Using a piece of Maine slang, Hancock says customer service is pivotal - but “The customer comes a wicked close second.”
“We love our customers and they are exceptionally important to our success and mission—but, they don’t come first. The people who are going to serve them come first and our customers support this.”
A vital component of company culture is the ability to measure the employee experience at a company. Hancock Lumber does this two ways. Each year the company participates in the “Best Places to Work in Maine” survey with every employee spending several confidential minutes online answering questions about their experience at Hancock Lumber.
“When everyone takes the survey, this becomes the collective voice of the employees and the survey produces a score in a variety of important categories. We then track our progress against those scores across time and locations.”
The CEO describes the data received from the survey as “exceptionally rich.” He also calls the actual data as “the answers to the test.”
“Our employees are telling us exactly where the opportunities to celebrate and the opportunities to improve lie. It really simplifies the running of a company.”
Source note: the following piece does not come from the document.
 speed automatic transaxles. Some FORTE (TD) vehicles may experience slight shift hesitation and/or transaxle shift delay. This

Hancock says the company doesn’t participate in the Best Places survey to capture another award. Rather, the dealer is participating so it can capture metrics about employee satisfaction.
“We want to know what employees are feeling and thinking; the survey is one valuable way to access that information,” Hancock says. Once the data is analyzed, managers respond to what employees are saying.
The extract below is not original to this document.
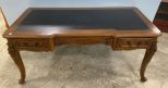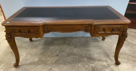 Antique Reproduction French Writing Desk, leather inset top, three drawers, has light scratches, 29"h., 66"w., 33"d. Antique Reproduction French Writing Desk, leather inset top, three drawers, has light scratches, 29"h., 66"w., 33"d.

The company also spends a great deal of time listening to individual employees and small focus groups. For the activity to be true, employees are safe to freely speak and provide honest opinions.
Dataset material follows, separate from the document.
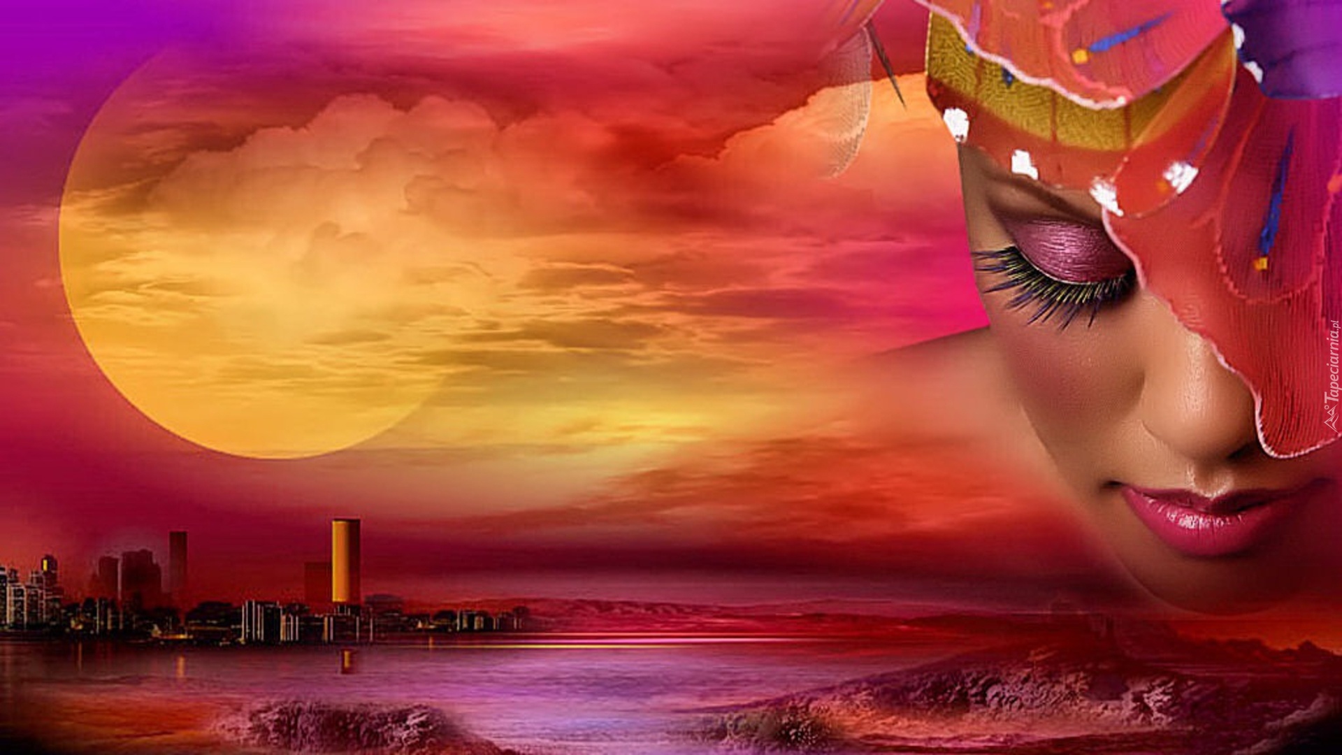 Edytor tapety: Kobieta, Makijaż, Zachód, Słońca, Woda

“Listening for understanding, not judgment is the key skill,” Hancock explains. “In this approach it becomes important to realize that there are no wrong answers, just honest perspectives that we want to hear and understand.”
“When a company is safe, people will relax and focus on helping the organization improve,” he adds. “The politics, the fear, and the distrust simply dissolve. Ego dissolves as well. People are allowed to just be themselves at Hancock.”